Il buio si avvicina è uno di quei film poco visti, che col tempo è assurto ad opera di culto per gli amanti del genere horror, anche se le commistioni di genere non mancano in un racconto per immagini in cui la violenza è più suggerita che esibita e il discorso della vampirizzazione appare meno romantico e fascinoso di quanto si possa pensare, come i suoi stessi protagonisti, una banda di sbandati in fuga per le strade d'America, nomadi folli e senza speranza assetati di sangue che vivono la propria condizione come dannazione, ma senza dare troppo peso ed importanza alla stessa, quindi evitando rilfessioni filosofiche di sorta.
Film che punta molto sull'atmosfera e l'ambientazione insusuale della storia, un road movie come si può intuire dal vagabondare continuo dei nostri antieroi che vedono coinvolto un giovane di belle speranze, ammaliato dalla giovane e affascinante Mae (Jenny Wright), di cui si percepisce sin dall'inizio l'estraneità dal contesto umano, ma che non si pone come la classica figura di assassina a sangue freddo, nonostante la sua natura e l'istinto la portino a desiderare il bel Caleb (Adrian Pasdar) con le conseguenze che ne scaturiranno.
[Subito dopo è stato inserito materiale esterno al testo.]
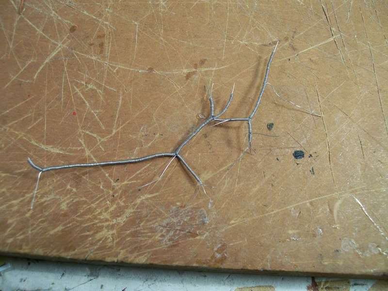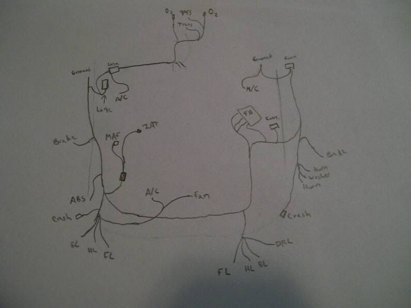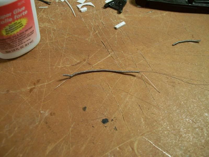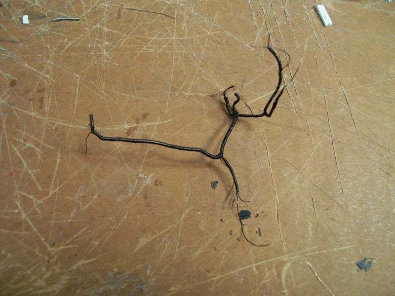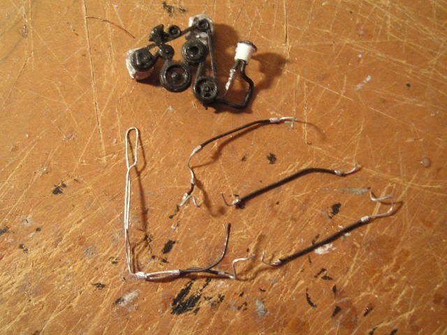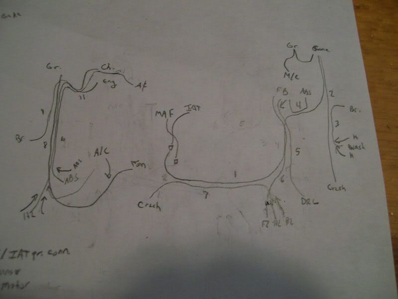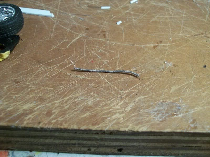 First up is the driver's side engine bay wiring harness. That's right, not only is there an engine harness and an engine bay harness, there are actually two engine bay harnesses. Using various reference shots, I was able to build a pretty accurate unit. Several people requested a tutorial of my wiring technique after seeing it on my Corvette Z06. I'm afraid this harness is much too complex for that, but the general idea is here; in addition, I've refined the technique down to the point where it's quite easy and actually fun (rather than a dreaded experience like my previous method). I call it the "all-wire wiring harness", and you'll see why in a bit. Here goes. First the diagram. This is always my first step, and is one of three diagrams I draw. It shows the layout of the harness and all the components that are connected. I use abbreviations, obviously. It's just a rough sketch, and this actually shows the driver's and passenger's side harnesses connected (I didn't realize they were separate until a little later. It's pretty much the same, though; just a separation and they're two harnesses). ![]() Next diagram: the looping chart. In my latest harness design (the one I'm showing you), there are fewer loops than before because I can easily insert wire stubs. That probably sounds like foreign nonsense to you, but I'll discuss it in a bit. This chart shows each wire that will be in the harness. I've numbered them, so I know how many wires to cut, and I've listed their starting and ending points. These wires form the core of the harness, and most of them also double as the visible wire ends that are attached to parts in the engine bay. I'll need 11 wires to form the core; the wires with arrows on the end will be stubs, and don't loop. Previously, when I used tape for my harnesses, stubs were a pain and I avoided them. But with my current method, they are no problem. ![]() Next, my final diagram: the 1:1 size chart. This shows exactly how big each part of the harness needs to be. When I'm cutting core wires and harness tubing, I lay them directly on this chart so that I cut them to the right length. ![]() Using charts 2 and 3, I cut the 11 core wires to the proper length. There are only seven in this harness; the 11 number is for the whole engine bay (both sides). Next, I begin making my harness tubing. This replicates the convulted tubing used on modern cars; for old muscle cars with taped harnesses, I use a thin strip of masking tape and wrap it directly around my core wires. In this method, I wrap .13mm wire (the same size I use for core wires) around a large piece of wire that is only used for making the tube. It's not part of the harness. The wire I'm wrapping around is .62mm; I use .44, .41, and .26 for my other sizes of tubing. ![]() This was all the tubing I could make from one strand of .13mm wire (it came from the mesh shielding inside a co-ax cable). The cable was a left-over from when we wired my house and shop, so it's pretty short, and the tube is not very long. However, this is absolutely not a problem. Another section of tubing can butt up against this one as I build the harness and you can't even see the joint. ![]() Here you can see my first core wire, with a short length of that .62mm tubing superglued on. Keep in mind that when drawing my diagrams, I never exceed four core wires per .62mm tube, becuase if you do the math, you can't fit any more in there. Never mind the principles of pi r squared, I just use linear measurements (wire diameters) because in this small scale, a tiny bend in the wire will nullify all those complex calculations. Four is all you can get in a .62mm tube (for core wires), period. You can probably get more stubs in just by cramming them in the very end and supergluing them fast, but try threading more than four core wires through and you'll find it can't be done. Of course, I look at the real wiring harness (or picture) to see how big it is in each section; .62mm is quite large, the size used in modern cars. Branches of this harness and all the harness parts in older cars are smaller, and thus use sizes like .44mm, which of course holds fewer core wires. All this must be considered when making my diagrams. However, don't be disheartened by this complexity; this is the most complicated harness I have made to date and it worked out perfectly fine, without much mental trauma. As you can see, there are now two core wires in place (you have to thread them as you go), as well as a longer piece of tubing. Coming together (all this took about 10 minutes. The diagrams took about 30. It's not that hard). ![]() More wires and tubing; this shot shows a section of .41mm tube that I made: it's the one sticking out to the left. ![]() You get the idea by now; if not, don't worry. For some reason, despite being old, the '69 Firebird has a convulted tubing harness, but is much simpler. I'll make a very detailed tutorial of that (maybe showing my fingers putting the pieces together ) that will hopefully clear up any confusion.Here's the finished harness, with all the stubs (I just cut scraps of leftover .13mm wire for them; slipping them into the proper section of tube and supergluing in place, then trimming excess length). You'll notice that it is stiff and straight, like my 1:1 size chart, because I cut all the tubing segments to length based on that. Each time a wire comes out of the harness, whether to connect to a component or to start a new branch, the tubing of the harness ends and a new segment is installed on the other side of the branching wire. That's the basic concept behind this. I fitted the harness into place (it protrudes through bulkheads and goes all over the place) to get the shape right, then brushed on semi-gloss black. (I also used a little Bare-Metal foil to hide the joints where wires protrude and the tubing stops; you can see the core wires at those locations. The foil looks like the tape used on real cars in those very locations, so it's all

La Bigelow racconta così a suo modo una storia d'amore tormentata, in cui il protagonista viene continuamente messo alla prova nei suoi principi etici e morali, quale sorta di percorso di crescita e maturazione, fino allo scontro finale di stampo western con la famiglia di vampiri al fine di salvare la propria famiglia e la propria amata, anche perché in fondo come ci ricorda la regista, il nostro Caleb è un cowboy e spetta a lui riportare l'ordine nella rude e profonda America rurale.